Most large SOAP-based web services provide a formal description of the XML structures they use in the form of XML Schema. The XML Schema standard is very large, and its 2-part spec is written in highly abstract, difficult language. I find it amusing that both the specification and XML schema documents themselves are full of boilerplate.
Languages with strong support for XML-based services, such as #C and Java, have very rich code-generation tools, that let you generate source code for working with the XML elements described in an XML Schema. The xsdgen package is my attempt to add Go to that list. With the go generate feature, added in Go 1.4, code generation is easier than ever.
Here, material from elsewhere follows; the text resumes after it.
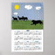 Voici une silhouette d'ombre noire d'un chien berger australien conduisant les moutons. L'affiche simple est lumineuse et joyeuse avec le chien sur l'herbe verte, les nuages blancs bouffants, le ciel arrière - plan texturé bleu, le soleil jaune et les silhouettes d'oiseaux volant au-dessus de la tête.

Generating Go types from XML Schema
We have IPAM software at my workplace that provides a SOAP API. It has the following schema (anonymized) in its wsdl file:
<schema targetNamespace="http://example.com/"
xmlns:soapenc="http://schemas.xmlsoap.org/soap/encoding/"
xmlns:xsd="http://www.w3.org/2001/XMLSchema"
xmlns:wsdl="http://schemas.xmlsoap.org/wsdl/"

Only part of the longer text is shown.